Zij stond nu aan de kant van Madison, al was Harry daar niet blij
mee. Madison probeerde zo gewoon mogelijk te doen tegen Harry, maar
hij probeerde haar zo veel mogelijk te mijden.
Een paar weken
later werd het nog erger tussen hen want ze had een brief van Draco
gekregen. Hij schreef zoals gewoonlijk dat hij van haar hield maar
dat hij haar een tijdje niet kon zien. De heer van het duister had
hem vergeven en hij was overgeplaatst bij een groepje dooddoeners in
Ierland. Hij zou over twee of drie maanden pas terug zijn. Toen ze
dat las werd ze misselijk en moest overgeven. Dat gebeurde de laatste
tijd erg vaak. Al hoopte ze niet dat het waar was wat ze dacht.

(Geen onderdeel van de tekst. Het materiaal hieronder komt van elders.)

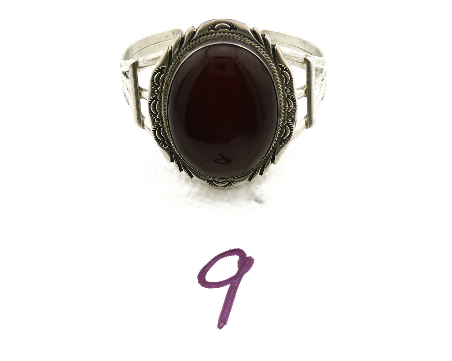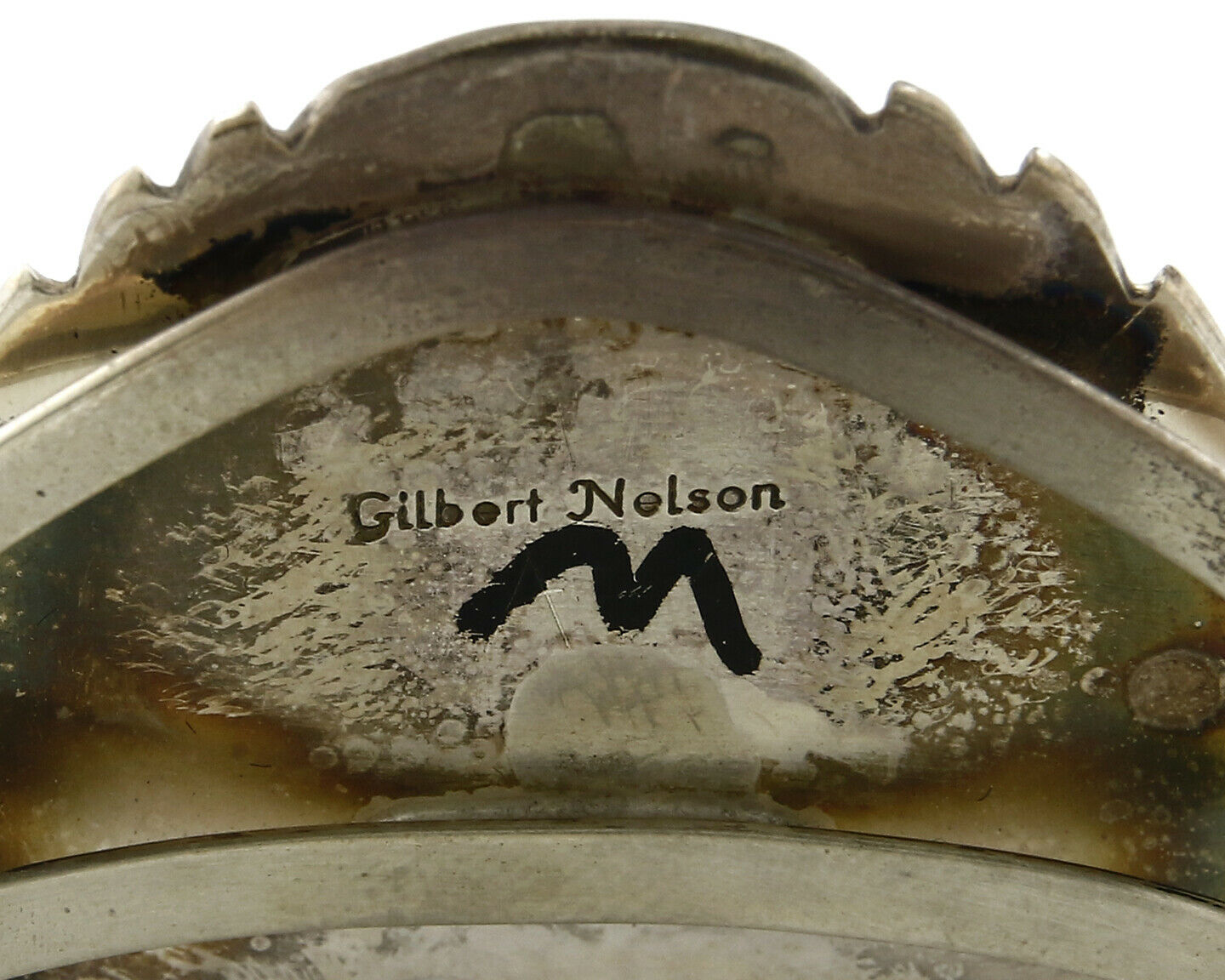 Women's Navajo Bracelet .925 Silver Natural Agate Cuff Artist Gilbert Nelson C80

Hermelien had het echter wel in de gaten en bestookte haar 's
avonds met vragen. Dus ze probeerde haar ook zo veel mogelijk te
mijden.
Madison zuchtte. Ze zat weer bij het raam waar ze zoveel uit had gekeken. Het was weer eens zo leeg als een leeg blik tomatensoep in Grimboutplein nummer 12. Ginny was gekomen om de boel wat 'op te vrolijken'. Al lukte dat niet echt. Ze was van plan een feestje te geven. Ze deed het ook om zelf wat op te vrolijken. Na de dood van haar broer was ze ongewoon stil geworden. Ze merkte dat zelf ook en wilde weer de oude vertrouwde Ginny worden.
"Kom
nou helpen" zei ze en probeerde Madison mee te trekken.
"Oké
Ginny rustig" gaf ze als antwoord. Ze kon beter mee gaan naar
beneden anders kwam ze nooit van haar gezeur af.
Toen ze met
Ginny beneden kwam zag ze Harry en Hermelien slingers op hangen. Al
kwamen ze er niet goed bij.
"Laat mij maar" zei ze tegen
Hermelien, ze leviteerde omhoog en hing met gemak de slingers op. Ze
vloog naar Harry toe en hing zijn slingers ook op.
"Dank je"
zei hij zacht en kwam het trapje af waar hij had op gestaan. Madison
zweefde ook weer naar de grond en hielp Ginny die nu bezig was een
taart te maken.
"Ginny je moet eerst alles goed kneden, hoe
meer je kneed des te lekkerder is de taart" zei Madison, de laatste
tijd had ze veel meer verstand van koken gekregen nu ze vaak eten
voor haarzelf moest klaar maken en wat was er zo moeilijk aan een
taart bakken. Op haar oude school had ze er wel honderden gemaakt.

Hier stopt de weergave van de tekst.